The algorithm I designed goes as follows: (1) fetch all the commercial points of interest in the selected neighborhood; (2) weight each point according to how often the selected brand has previously located with that business — or category of business; (3) Generate a weighted density contour plot of the points; (4) For each disjointed group of contours, select the densest contour, and draw it on a map.

This algorithm generated zones looked like this:

While the zone shapes look a little funky, they happen to be the most granular street-level recommendations out in the Commercial Real Estate market.
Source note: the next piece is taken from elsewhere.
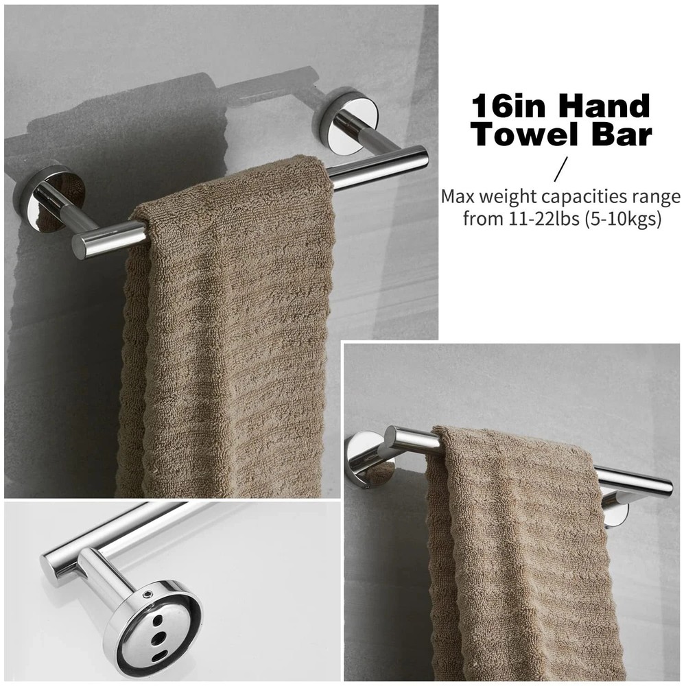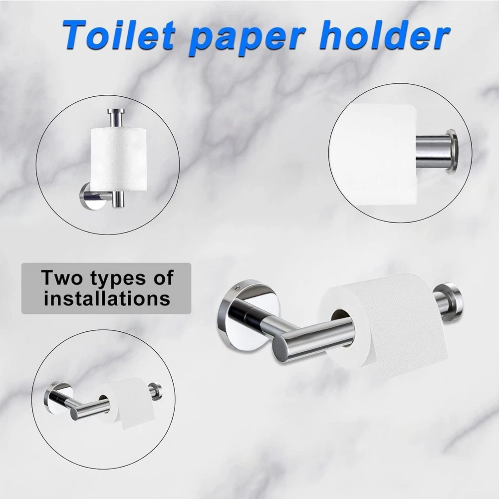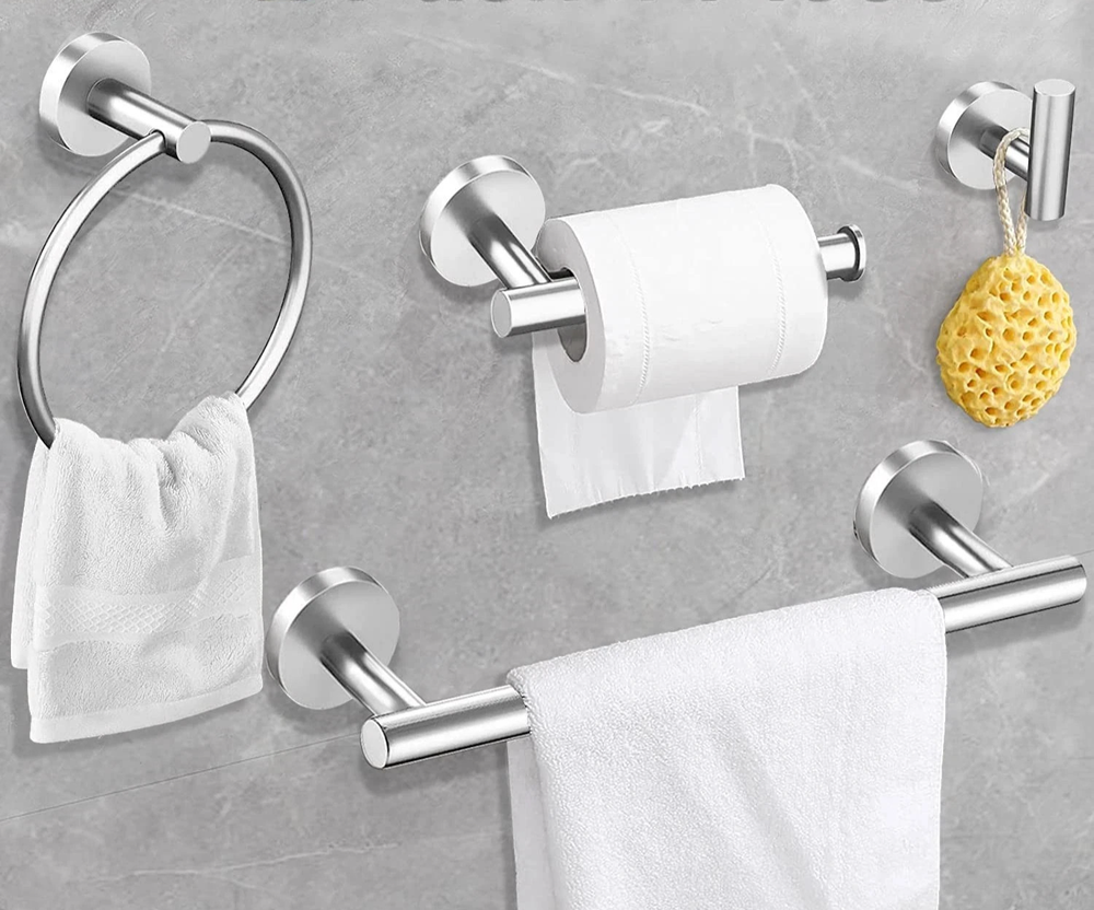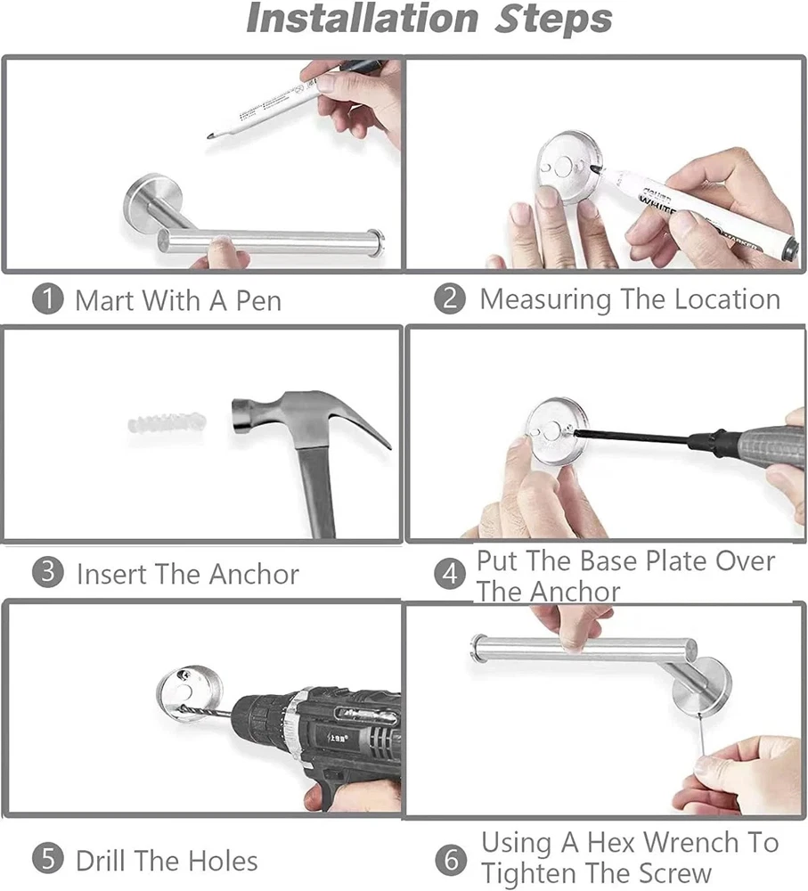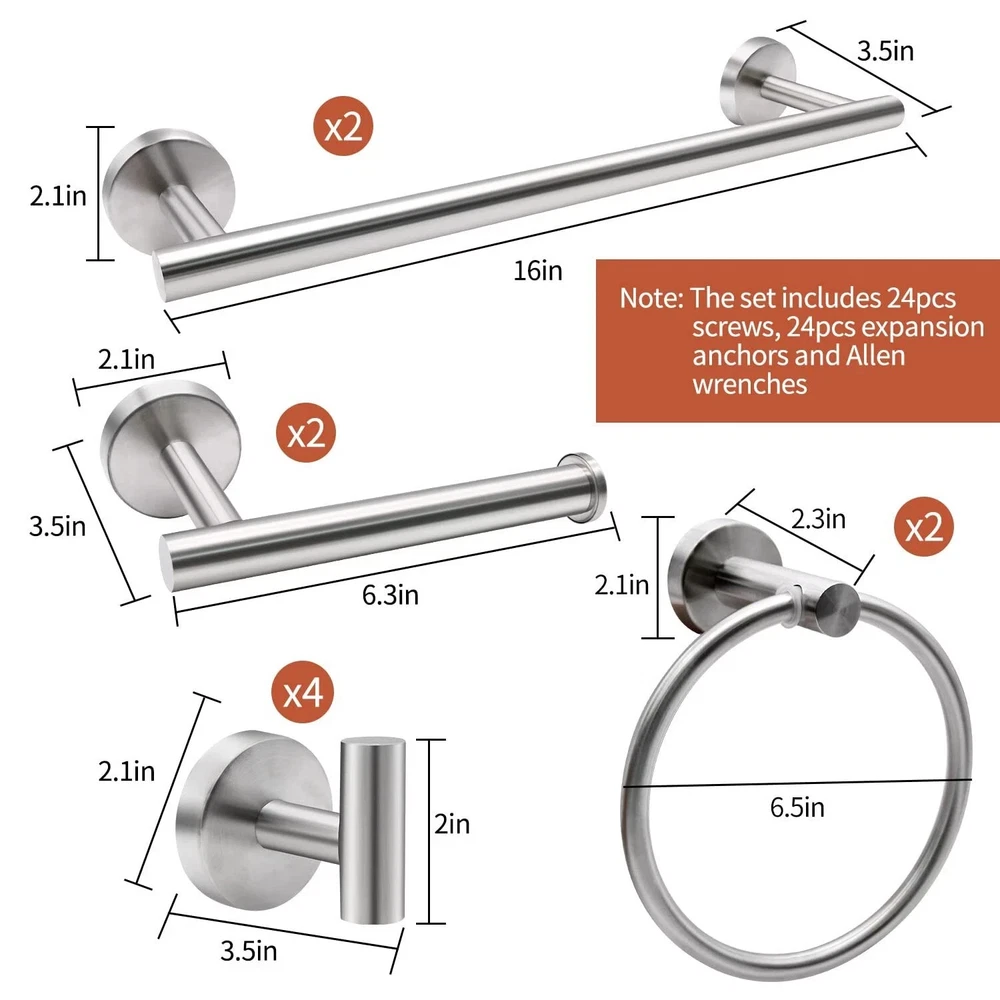 Product description Tower hook Very durable clothes hook, you can be use in Bathroom, wardrobe, vestibule, kitchen, behind the door, office ect. toilet paper holder the toilet paper holders are nice, no problems with color letting off or scratching,friendly to your family. Towel Bar 24 inch bath towel baris a perfect length, can hang your bath towel easily. workd great in your bathroom Towel Ring beautiful appearance, with the plastic protect ring doesn't make squeaky noises. Installation is a breeze. Safe Design High-quality and Solid stainless steel Hidden screws Easy to maintain and keep clean Robust to bathroom elements Effortless to install Comes with everything you need in your bathroom Brushed Nickel Surface Features Wall mounted design for bathroom convenience and organization Brushed nickel finish upgrades any bathroom with its trendy and stylish appearance To clean and maintain the bath hardware, simply clean with a damp cloth,no need for any cleaner Unique round shape and concealed mounting hole add modern design to your bathroom. Installation steps, Requires perforation for installation 【10-PIECES BATHROOM ACCESSORIES KIT】--Most brushed nickel bathroom accessories on Amazon only contains 16-inch towel bar, our combination includes 16 inch towel holder. 2 Sets of 5 Piece towel bar set ,Includes 16" brushed nickel toilet paper holder, towel bar, Towel Ring and Robe Hook. The same price can get more value bathroom towel rack set and has everything you need for your bathroom. 【RUSTPROOF HIGH QUALITY】--The bath accessories have a simple and sturdy design, Brushed nickel surface treatment,Exquisite craftsmanship, invisible screw, seamlessly connected between the columns, for a high-end style.Add more modern elements to your bathroom.water proof brushed nickel bathroom suite metal construction,is built to resist daily scratches and corrosions.ensuring quality and long lifetime.the towel holder smooth edges protect your body from scratches. 【WIDELY USED】-- 16-inch bathroom set towel rods for bathroom can hang more towels and bath towels, hand towel holder fits small towels. Paper towel holder with stainless steel knob at the bar end can easy to hold the roll paper prevents it from falling off.Hand towel ring can keep cleaning and security, hangs hand towels, fingertip towels next to the sink.Bath robe hook used anywhere such as the bathroom, kitchen, living room. 【EASY TO INSTALL】-- The towel rack set come in a safe package with all hardware pack screw accessories and installation instructions manual required for installation in the package. If you still encounter difficulties, you can contact us via email to get the installation video. 【CLICK ADD TO CART NOW】--We believe that the main reason to retain customers is always quality, not just price. so we attach great importance to the quality of each product, after you purchase our bathroom accessory set, welcome to Reviews or email us to let us know your opinion ,we are always ready to provide you with better service.

The next step towards improving these might be to actually highlight the street geometries and atomic polygons underneath the fluid contours rather than displaying the contours themselves.

The ethics of recommendations in Commercial Real Estate

Now that I’ve gone through the different parts of FIT and the role I played in building it, one important topic that I haven’t touched on is the ethics of providing a recommendation engine in the commercial real estate market.

There are far too many examples of large multinational corporations leasing a new space and either triggering or speeding up gentrification. There are also studies out there showing that Dollar Stores continuously locating in poorer neighborhoods is contributing to the perpetual economic stagnation of those neighborhoods. A business may fit a neighborhood based on it’s current and previous commercial location patterns, but that doesn’t necessarily mean the people in the neighborhood want it around.

A commercial broker’s incentive is money. For the most part, they don’t necessarily think about how the inclusion of a brand in a neighborhood will affect the people there. They either don’t think about, and sometimes actively avoid, any long-term ramifications of their choices. That’s why I am excited about the potential for FIT to actually make a difference. In an ideal world, the FIT platform is providing brokers with such great convenience and profitability that they would continue to use it even if it provided them with highly curated lists with high ethical standards.

Figuring out what neighborhoods need calls for ongoing research on the effect of certain retail chains on gentrification, an awareness of the specific problems that are affecting different neighborhoods, and direct communication with the people who live in those neighborhoods. There are low-hanging fruit choices that we added to the algorithm (such as removing all dollar stores from the system and heavily promoting small businesses), but so much more can be done.

FIT is still in its infancy, but if we can convince brokerages to adopt it, it can have a significant impact.